### [WORK INSTRUCTIONS]
Two lines in the listing below mark the span: one contains "Одарда кодан хой." and one contains "ЧУРУКТА: Казылган-Аксының үерге". Reproduce both of them and everything between, exactly.

### [PROVIDED DATA]
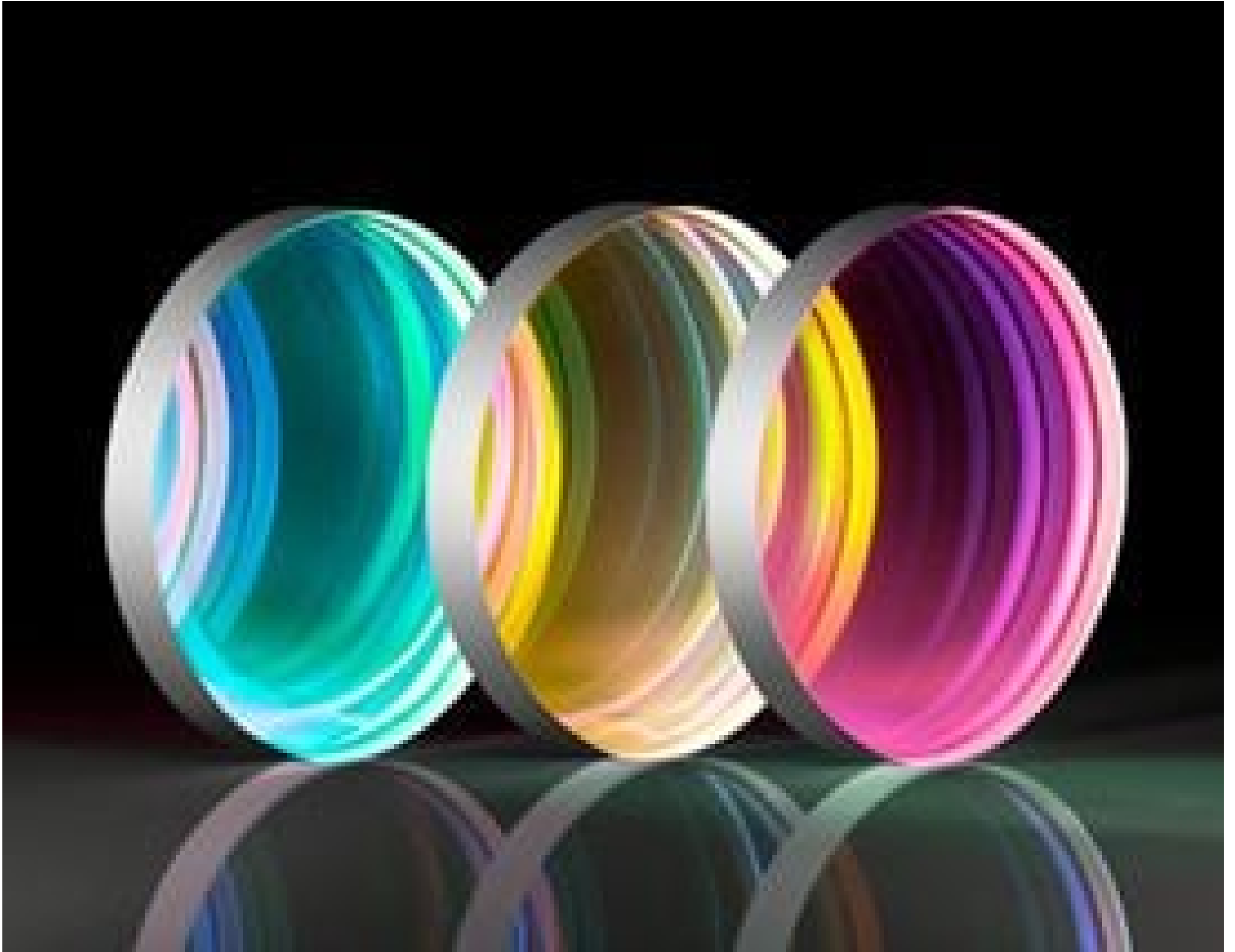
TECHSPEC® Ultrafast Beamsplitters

---

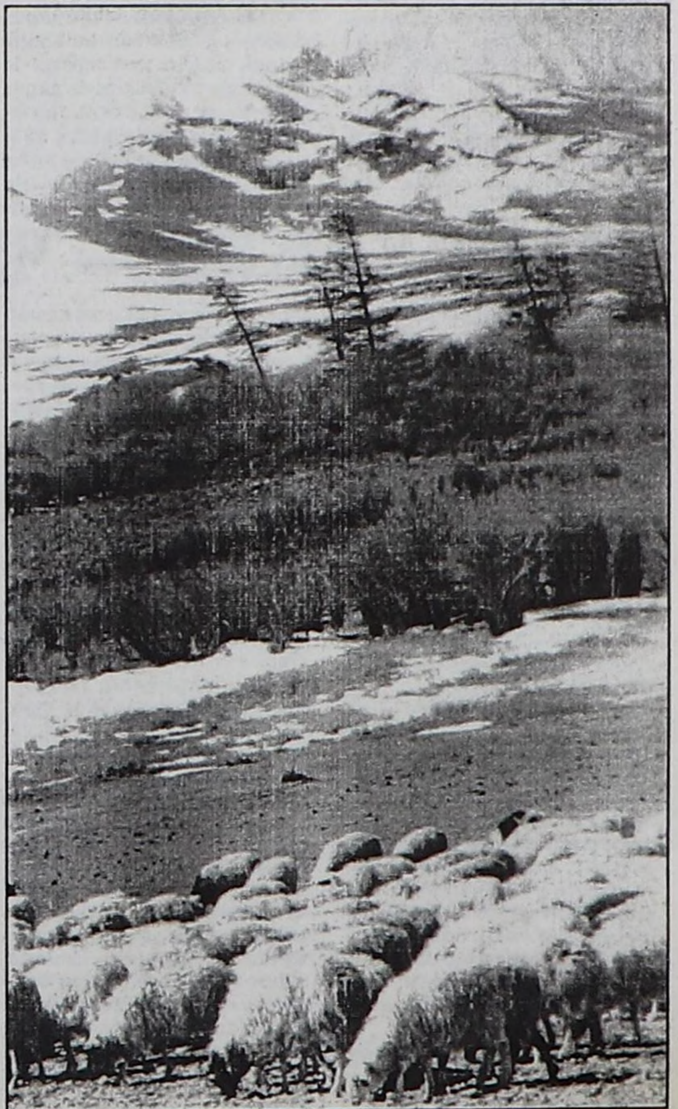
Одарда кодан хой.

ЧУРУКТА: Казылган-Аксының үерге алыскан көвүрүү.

---

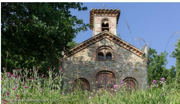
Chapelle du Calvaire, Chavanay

### [TASK RESULT]
Одарда кодан хой.

ЧУРУКТА: Казылган-Аксының үерге алыскан көвүрүү.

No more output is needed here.